Dataset content:
>>>>
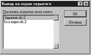 Рис. 11. Команды Скрыть и Показать Скрывают окно активной рабочей книги или показывают скрытое ранее окно. Окно, которое будет показано выбирается из списка скрытых окон. Хотя скрытое окно и не видно, оно по прежнему открыто. Можно скрыть рабочую книгу, которая должна быть открыта, но не обязана быть видимой. Если окно рабочей книги защищено паролем, то пароль будет запрошен и при скрытии окна. Дополнения не могут быть сделаны видимыми при помощи команды Показать. Если все окна скрыты, то команда Показать перемещается из меню Окно в меню Файл. Команды Разбить и Удалить Разбиение (меню Окно)
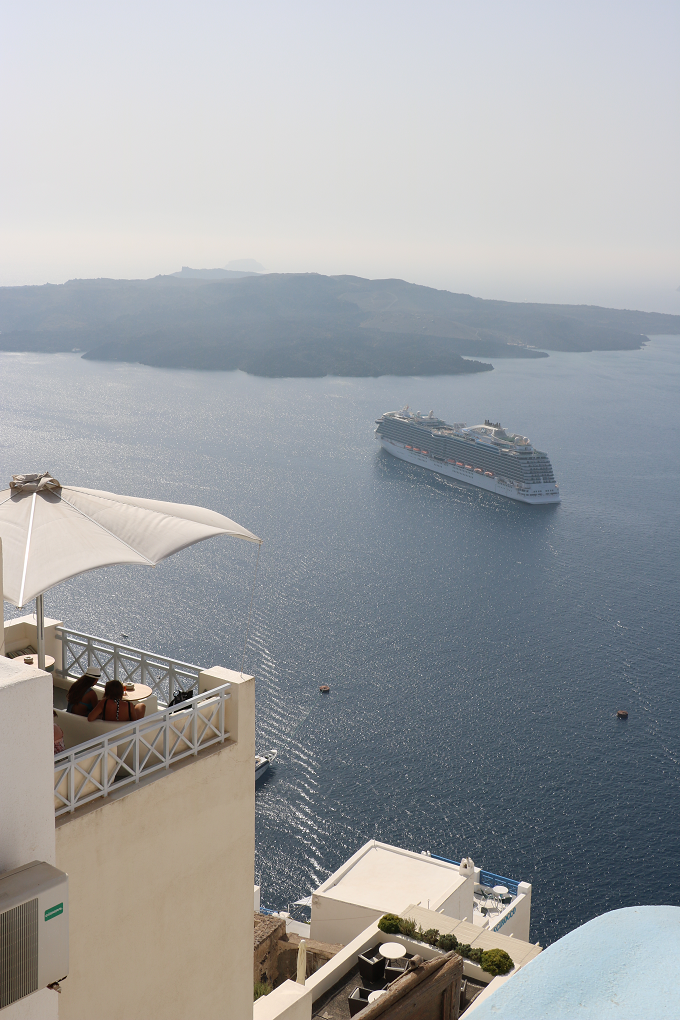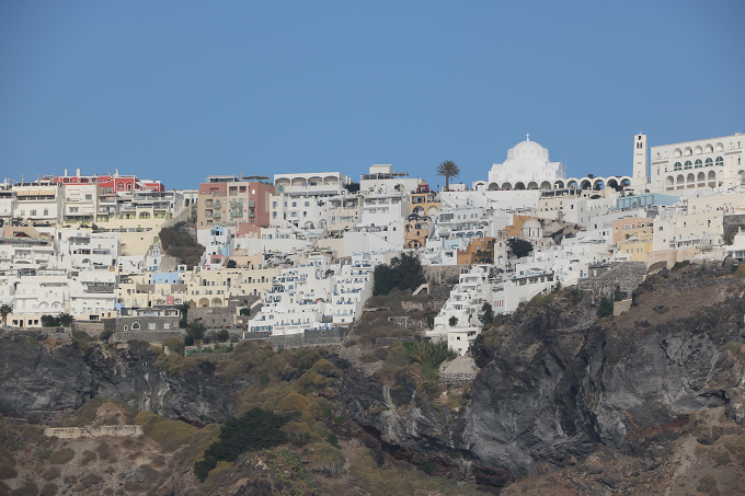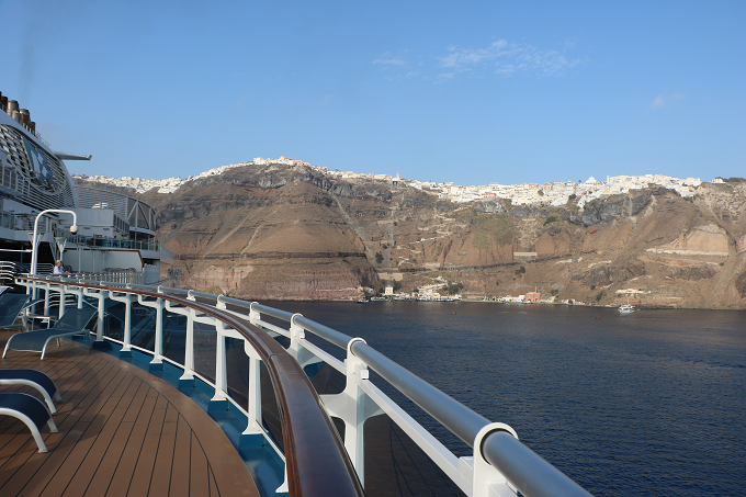 島の見どころを約6.5時間で巡ったサントリーニ島「ショアエクスカーション」の後編記事。 『ロイヤル・プリンセス』から眺める、大規模な火山活動によるカルデラ断崖にも感動! かの有名な伝説アトランティスが海底深くに潜んでいるという説も噂されています。
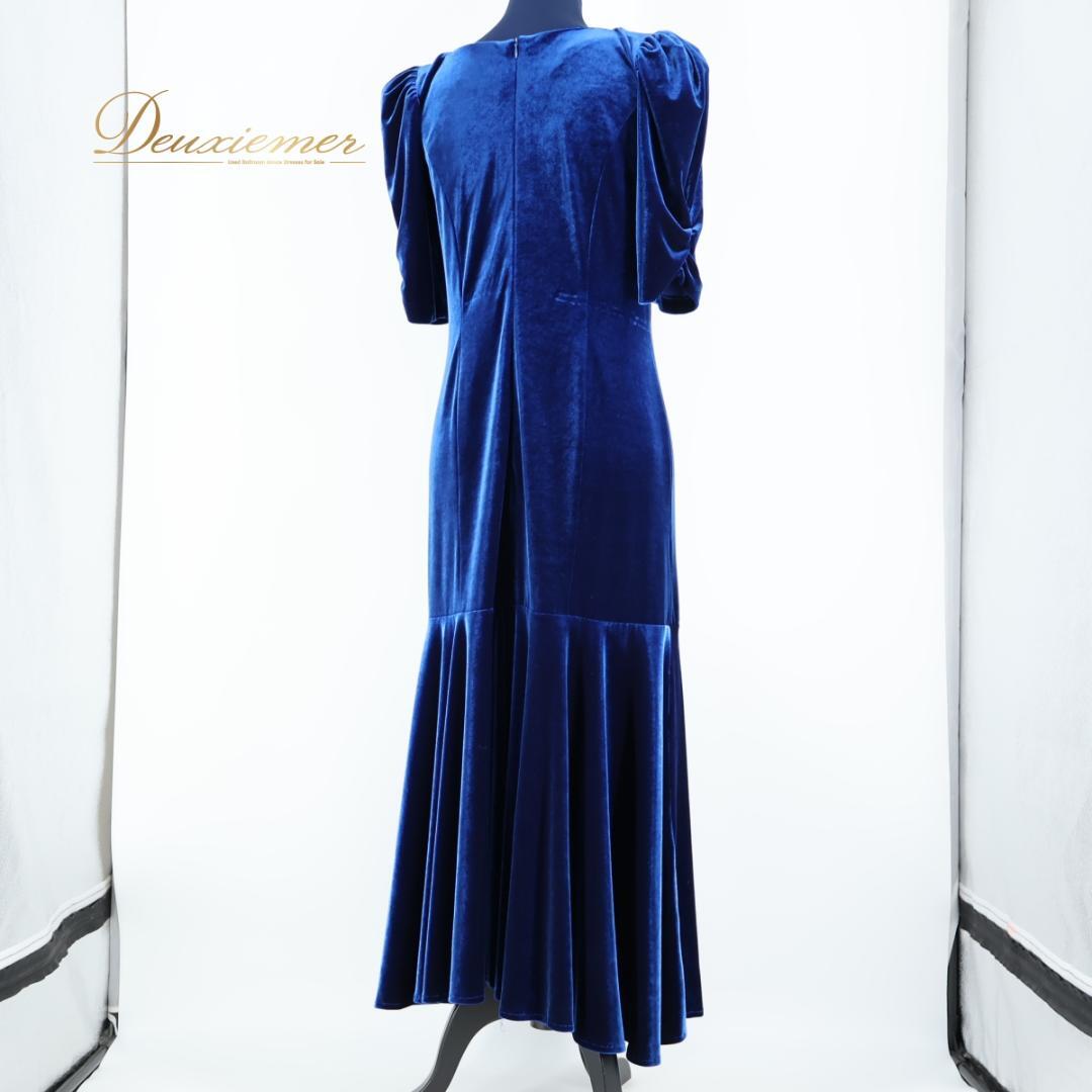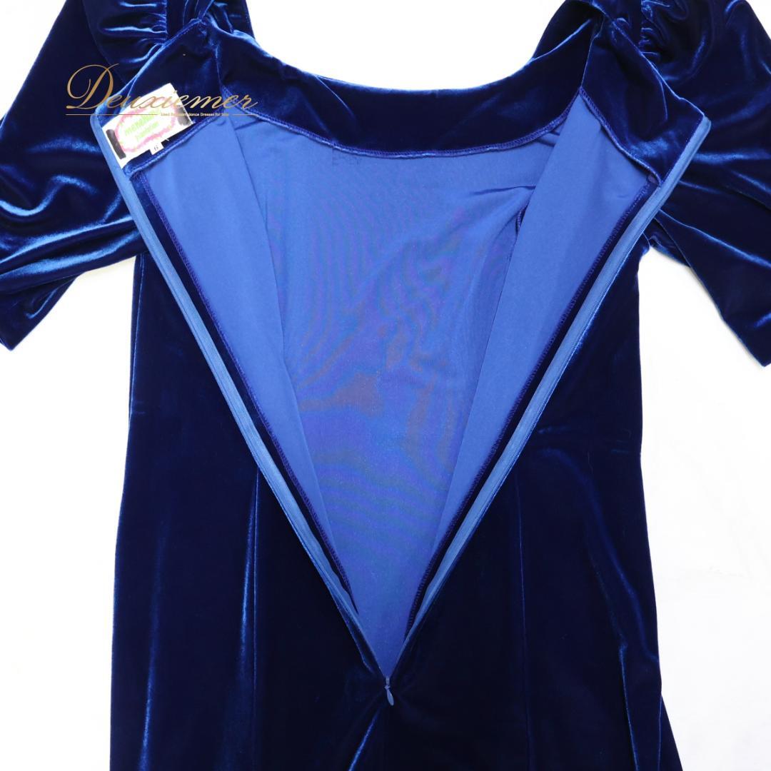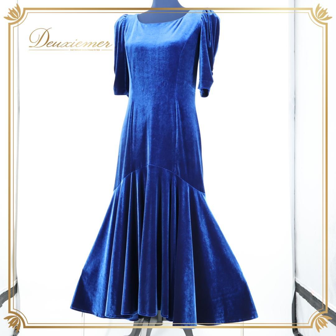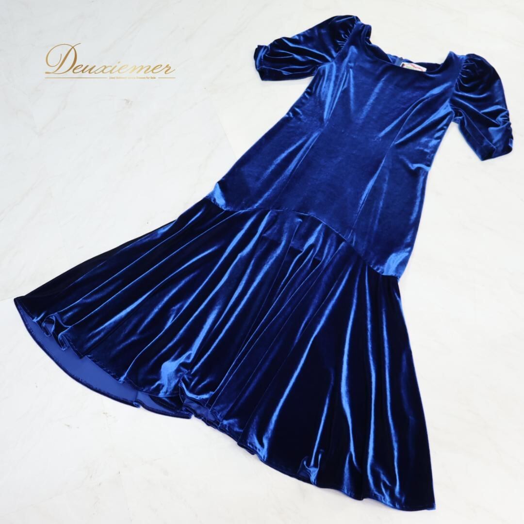 【日本製 フラダンス衣装】ブルー MENEHUNE PLANTETION メネフネプランテーション ワンピース ドレス 青 ベロア 光沢 高級感
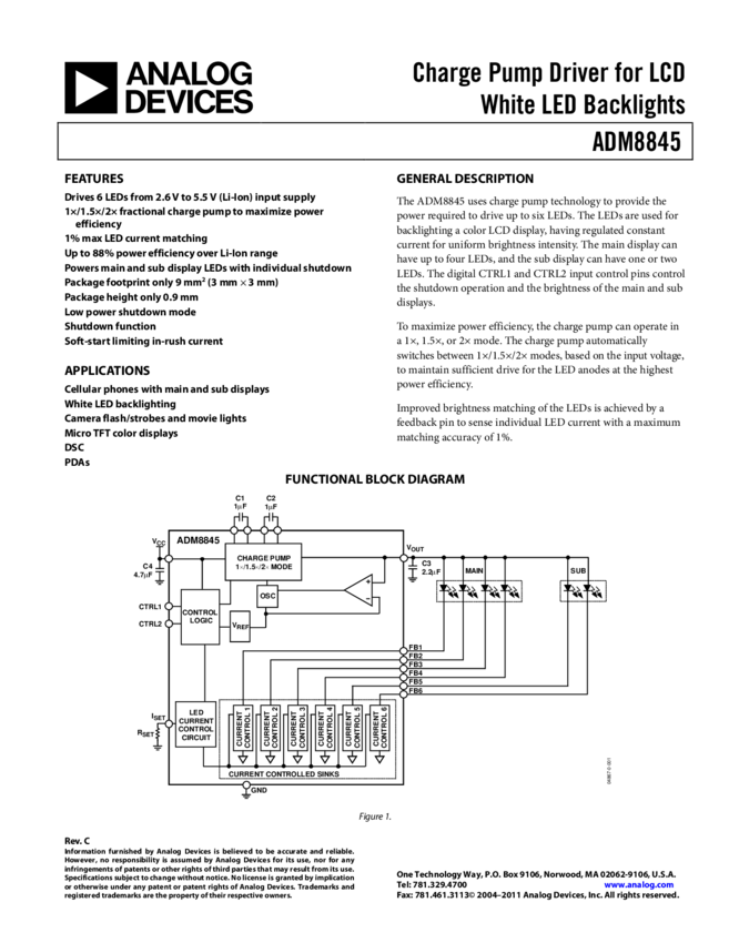 2.4V LED Driver with Independent Analog and PWM Dimming Controls of 2 Backlights for 3D Application
<<<<
Assigned task: Write the listing above out again word for word, excluding all images.

Reply:
 Рис. 11. Команды Скрыть и Показать Скрывают окно активной рабочей книги или показывают скрытое ранее окно. Окно, которое будет показано выбирается из списка скрытых окон. Хотя скрытое окно и не видно, оно по прежнему открыто. Можно скрыть рабочую книгу, которая должна быть открыта, но не обязана быть видимой. Если окно рабочей книги защищено паролем, то пароль будет запрошен и при скрытии окна. Дополнения не могут быть сделаны видимыми при помощи команды Показать. Если все окна скрыты, то команда Показать перемещается из меню Окно в меню Файл. Команды Разбить и Удалить Разбиение (меню Окно)
 島の見どころを約6.5時間で巡ったサントリーニ島「ショアエクスカーション」の後編記事。 『ロイヤル・プリンセス』から眺める、大規模な火山活動によるカルデラ断崖にも感動! かの有名な伝説アトランティスが海底深くに潜んでいるという説も噂されています。
 【日本製 フラダンス衣装】ブルー MENEHUNE PLANTETION メネフネプランテーション ワンピース ドレス 青 ベロア 光沢 高級感
 2.4V LED Driver with Independent Analog and PWM Dimming Controls of 2 Backlights for 3D Application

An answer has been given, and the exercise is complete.